At this same moment she heard a burst of childish voices close at hand. `We three kings of Orien-tar!'

The unsteady altos soared and dipped. Behind them, faint but sweet, sounded a far-off chime of church bells.

Miss Coker waited a minute or two, listening intently, before re-entering her cottage. She closed the kitchen door and took from the peg behind it an old knitted shawl she used when she went to fill her coalscuttle or empty the rubbish bucket. Next she pulled from under the sink a square shallow box, which had once held apples. Lining the box with the shawl she set it down near the stove and laid the kitten in it while she warmed some milk. She filled a saucer and held the kitten in her arms while it lapped.

In her meat safe was a slice of liver she had bought for her supper. She cut off a portion and chopped it small, listening all the time to the carol singers outside her gate, who had now switched to The Holly and the Ivy. She fed the raw liver to the kitten, a tiny piece at a time, with long waits in between. Before it was finished the singers stopped. They had forgotten the second verse.

Miss Coker stood up and took from the dresser the two bars of chocolate she had bought at the post office store. She picked up the kitten and carried it down the hall to her front door, opened the door and stood on the step, beckoning to the children. Very cold, they were just on the point of going home. They stared at her, round-eyed with amazement. She beckoned again and held out the chocolate bars. Slowly, unbelievingly, they came up the path to take them. Neither child said anything. Nor did she.

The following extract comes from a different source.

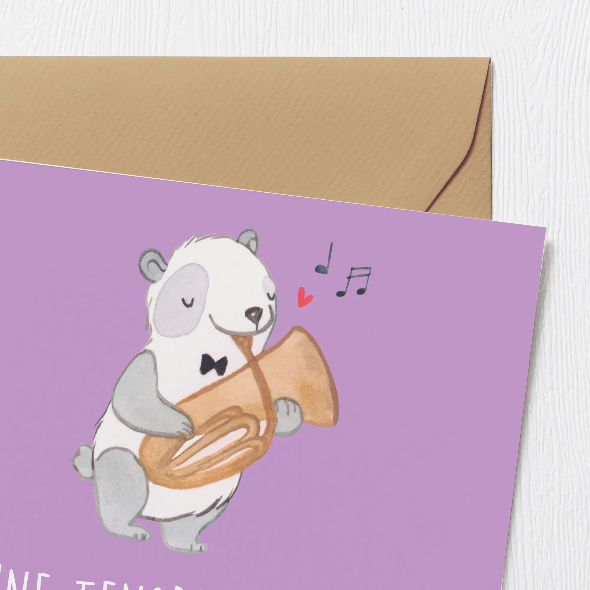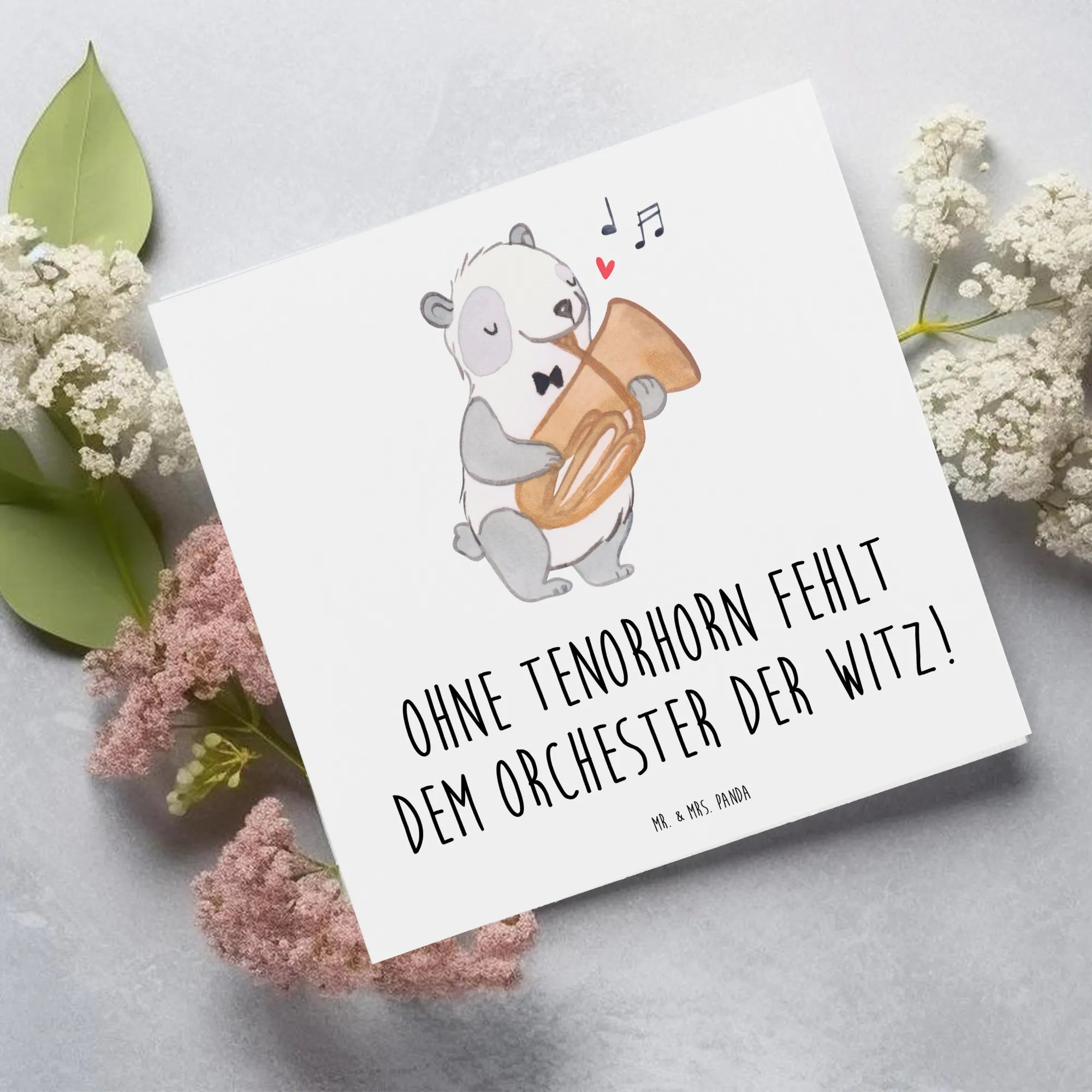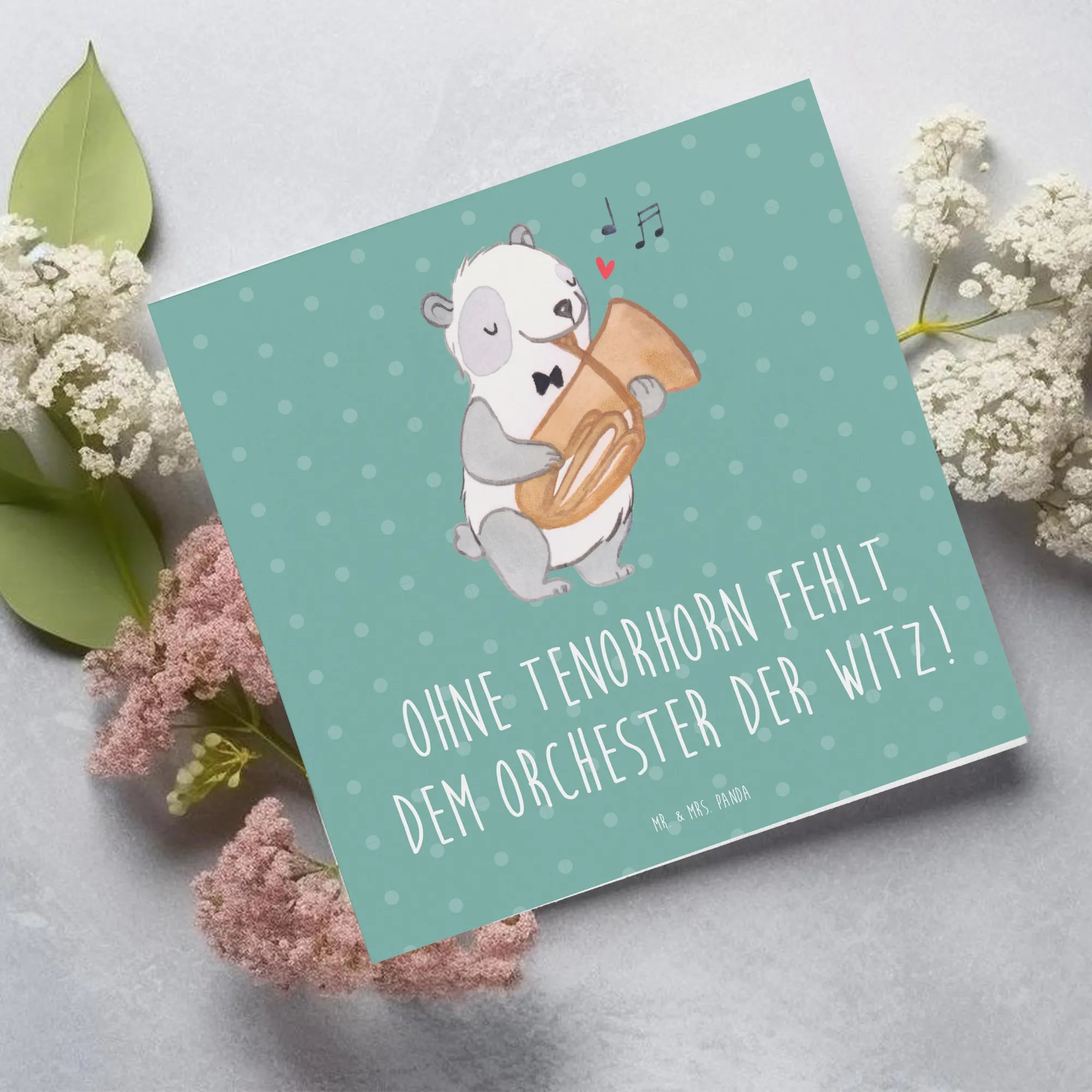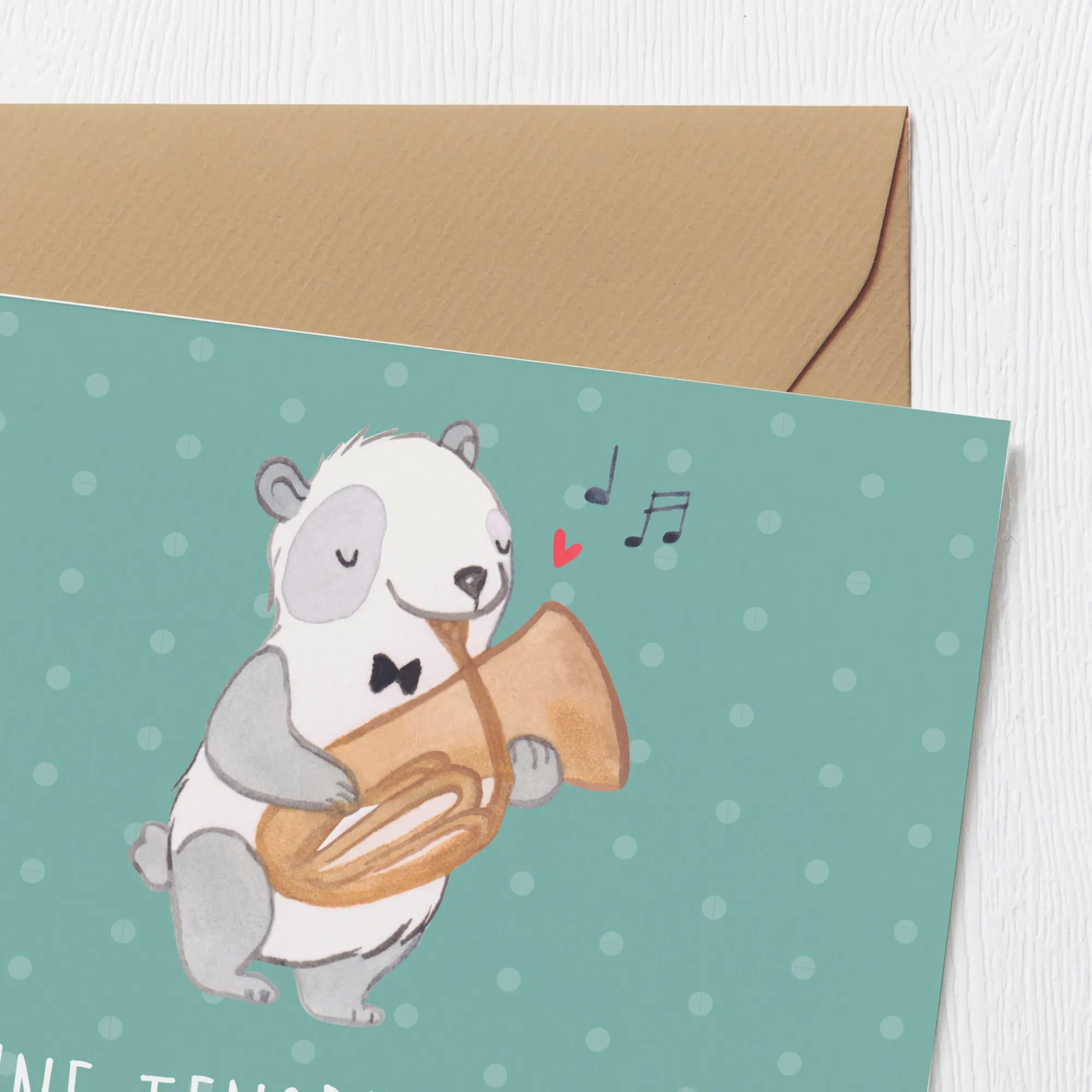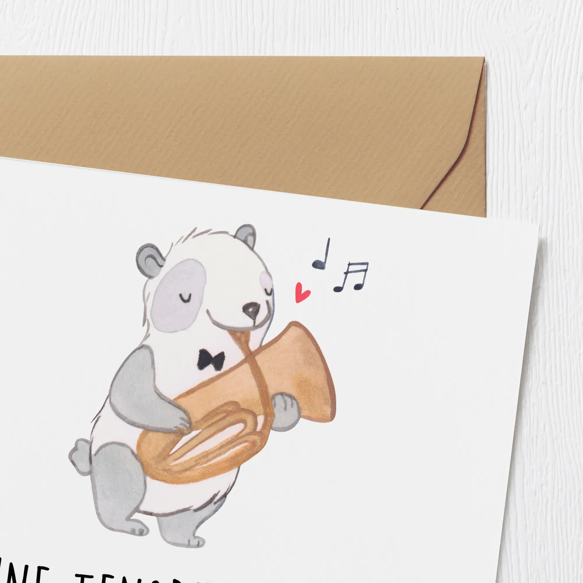 Die Deluxe Karte mit dem Motiv Tenorhorn von Mr. & Mrs. Panda ist das perfekte Geschenk für alle Musikliebhaber und Musiker. Mit ihrem liebevollen Design und dem humorvollen Spruch "Ohne Tenorhorn fehlt dem Orchester der Witz!" bringt sie Freude in jede Botschaft.

They raced off with their news, bursting in and nearly knocking over the table on which Bert was trying to mend his old radio, both talking at once. `Mum, Mum, she's got the kitten ! She had it in her arms when she give us the choc! ' 

'She got it, Mum -'

`It had milk on its whiskers!'

`Well, my-o-me,' said Bert. `Wonders never cease.

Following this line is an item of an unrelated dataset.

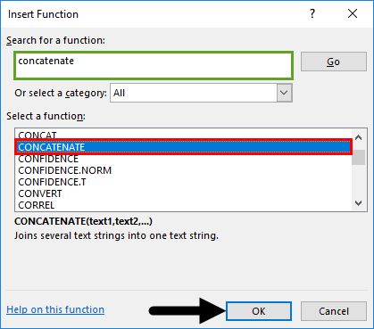 This is a common function; it will probably be located under the ALL category. Once we click on it, we will get an Insert Function window. From there, search for CONCATENATE function and click on Ok, as shown below. the

Thing is, will she keep it?'

`I'd say she will,' Amy Reece said. `Hard to turn it out again once you take in a stray.'

`She's bound to keep it, Mum. She were stroking it!' Their mother beamed fondly on the rosy sparkling faces.

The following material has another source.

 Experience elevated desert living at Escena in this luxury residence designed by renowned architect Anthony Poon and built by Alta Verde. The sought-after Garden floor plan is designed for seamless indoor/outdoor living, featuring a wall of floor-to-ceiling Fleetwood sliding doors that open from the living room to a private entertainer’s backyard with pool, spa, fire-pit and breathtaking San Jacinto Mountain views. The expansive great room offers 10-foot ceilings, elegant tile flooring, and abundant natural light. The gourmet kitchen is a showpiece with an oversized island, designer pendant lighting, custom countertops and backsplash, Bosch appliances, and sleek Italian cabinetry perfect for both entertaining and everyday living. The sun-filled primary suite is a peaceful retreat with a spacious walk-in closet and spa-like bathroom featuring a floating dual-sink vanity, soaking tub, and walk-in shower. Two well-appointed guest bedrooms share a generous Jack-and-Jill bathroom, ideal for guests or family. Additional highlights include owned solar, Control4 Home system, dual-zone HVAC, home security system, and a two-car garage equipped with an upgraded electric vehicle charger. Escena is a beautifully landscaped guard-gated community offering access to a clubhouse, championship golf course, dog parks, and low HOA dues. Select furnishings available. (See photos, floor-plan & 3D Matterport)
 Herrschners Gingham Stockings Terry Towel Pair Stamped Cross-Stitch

`Well, thank goodness for that. Now we can all have a happy Christmas. Off with you to bed.'

That night two lives rejoiced, and two hearts beat near each other. The kitten, purring her gratitude for food, warmth, and above all, love--and the woman, listening to the sing-song of the happy kitten, driving away the painful, dark shadows of the past, wondered why she'd waited so long.